On boot after letting it finish* (write_failure/inf_loop doesn’t behave as expected), the following output occurs - U-Boot is unable to boot from the root partition and starts resorting to desperate measures…

`

U-Boot SPL 2015.04-dirty (Apr 14 2015 - 10:12:34)
U-Boot 2015.04-dirty (Apr 14 2015 - 10:12:34)

Watchdog enabled
I2C: ready
DRAM: 512 MiB
MMC: OMAP SD/MMC: 0, OMAP SD/MMC: 1
Using default environment

Net: not set. Validating first E-fuse MAC
cpsw
Hit any key to stop autoboot: 0
gpio: pin 53 (gpio 53) value is 1
Card did not respond to voltage select!
Card did not respond to voltage select!
gpio: pin 56 (gpio 56) value is 0
gpio: pin 55 (gpio 55) value is 0
gpio: pin 54 (gpio 54) value is 0
switch to partitions #0, OK
mmc1(part 0) is current device
gpio: pin 54 (gpio 54) value is 1
Checking for: /uEnv.txt …
Checking for: /boot.scr …
Checking for: /boot/boot.scr …
Checking for: /boot/uEnv.txt …
** Invalid partition 3 **
** Invalid partition 4 **
** Invalid partition 5 **
** Invalid partition 6 **
** Invalid partition 7 **

FAILSAFE: U-Boot UMS (USB Mass Storage) enabled, media now available over the usb slave port …
UMS: disk start sector: 0x0, count: 0x750000
\

`

It appears that somehow the root partition is being corrupted. Attempting to mount that partition on the eMMC, while booted from a non-flasher SD card gives the following results:

`

root@arm:~# lsblk
NAME MAJ:MIN RM SIZE RO TYPE MOUNTPOINT
mmcblk1boot0 179:16 0 1M 1 disk
mmcblk1boot1 179:24 0 1M 1 disk
mmcblk0 179:0 0 7.4G 0 disk
└─mmcblk0p1 179:1 0 7.4G 0 part /
mmcblk1 179:8 0 3.7G 0 disk
├─mmcblk1p1 179:9 0 1.5G 0 part
└─mmcblk1p2 179:10 0 2.2G 0 part
root@arm:~# mount /dev/mmcblk1p1 /media
[ 4127.908991] EXT4-fs (mmcblk1p1): no journal found
mount: wrong fs type, bad option, bad superblock on /dev/mmcblk1p1,
missing codepage or helper program, or other error

In some cases useful info is found in syslog - try
dmesg | tail or so.
root@arm:~# mount /dev/mmcblk1p2 /media
root@arm:~# ls /media
etc logs lost+found photos var

`

mmcblk1 is the eMMC in this situation. As can be seen, it’s not possible to mount the boot partition, but it is possible to mount the second partition produced. This is consistently the case.
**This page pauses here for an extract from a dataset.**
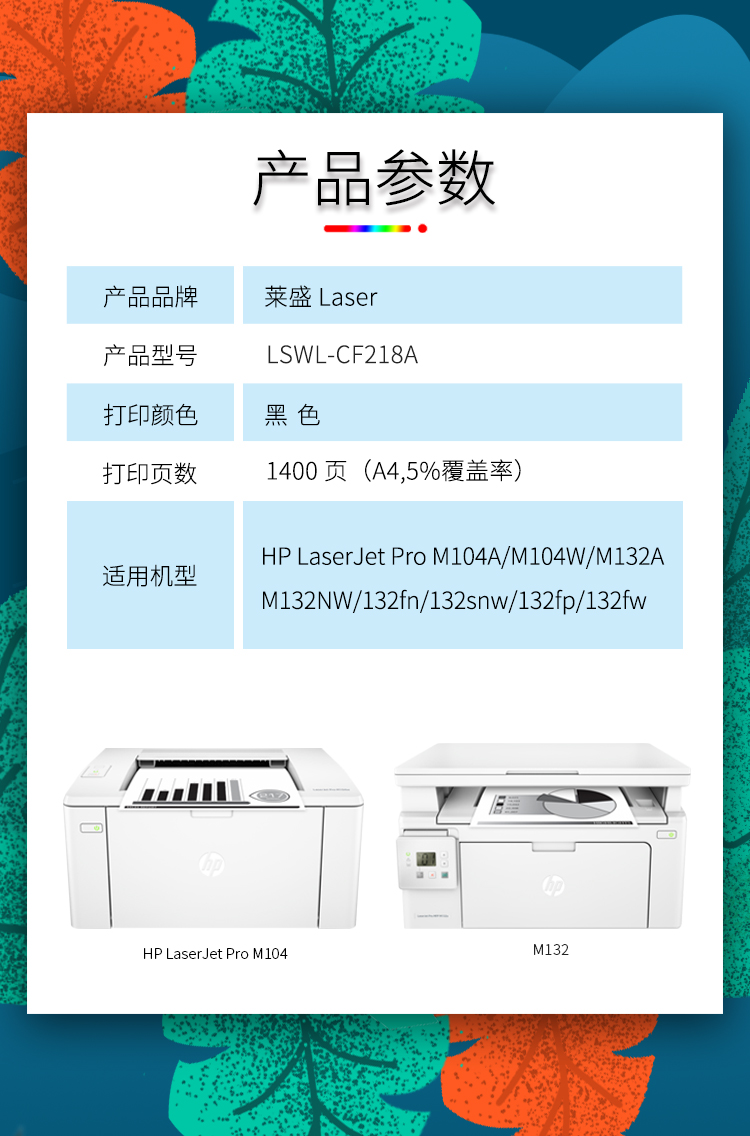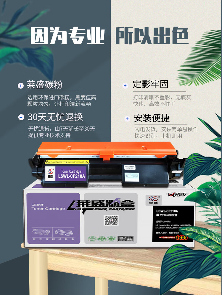 莱盛CF218A粉盒带芯片 适用于惠普 HP M104A M104W M132A M132NW 132fn 132snw 132fp 132fw打印机墨盒 自营

The sfdisk command the flasher runs is:

`

LC_ALL=C sfdisk --force --in-order --Linux --unit M “${destination}” <<-EOF
${conf_boot_startmb},${root_part_size},${sfdisk_fstype},*
,${sfdisk_fstype}
EOF

`
where startmb=1, root_part_size=1500, sfdisk_fstype=0x83 (linux partition).
and the second line describes the second partition which fills all remaining space.

I have tried:

I have tried checking the power supply to the beaglebone (the beaglebone is powered by a daughterboard) with an oscilloscope, and it appears to be stable.

Different SD cards - they still fail

Different Beaglebones

Adding more sync/flush_cache operations around everything in partition_drive and copy_rootfs

I also added this (unexplained code in RCNs script which claims to flush the eMMC buffers - anyone know why this works?)

`

#https://github.com/beagleboard/meta-beagleboard/blob/master/contrib/bone-flash-tool/emmc.sh#L 158-L159

force writeback of eMMC buffers

flush_cache
dd if=${destination} of=/dev/null count=100000
sync

`
in many places around the script.

Does anyone have any suggestions on what might be causing these ext4 errors or what I might be doing incorrectly with setting up the partition table?

I noticed that RCN’s script only uses dd to wipe the first 108MB - should it be wiping the whole image? Why 108MB?

Thanks for making it this far :slight_smile:
Joshua Collins

Important version numbers:

Kernel: 4.1.17-bone19
Debian: 8.3-minimal-armhf-2016-01-25
MLO: http://rcn-ee.com/repos/bootloader/am335x_evm/MLO-am335x_evm-v2015.01-r7
U-Boot: http://rcn-ee.com/repos/bootloader/am335x_evm/u-boot-am335x_evm-v2015.01-r7.img

Most often, these ext4's errors are actually due to power fluctuations.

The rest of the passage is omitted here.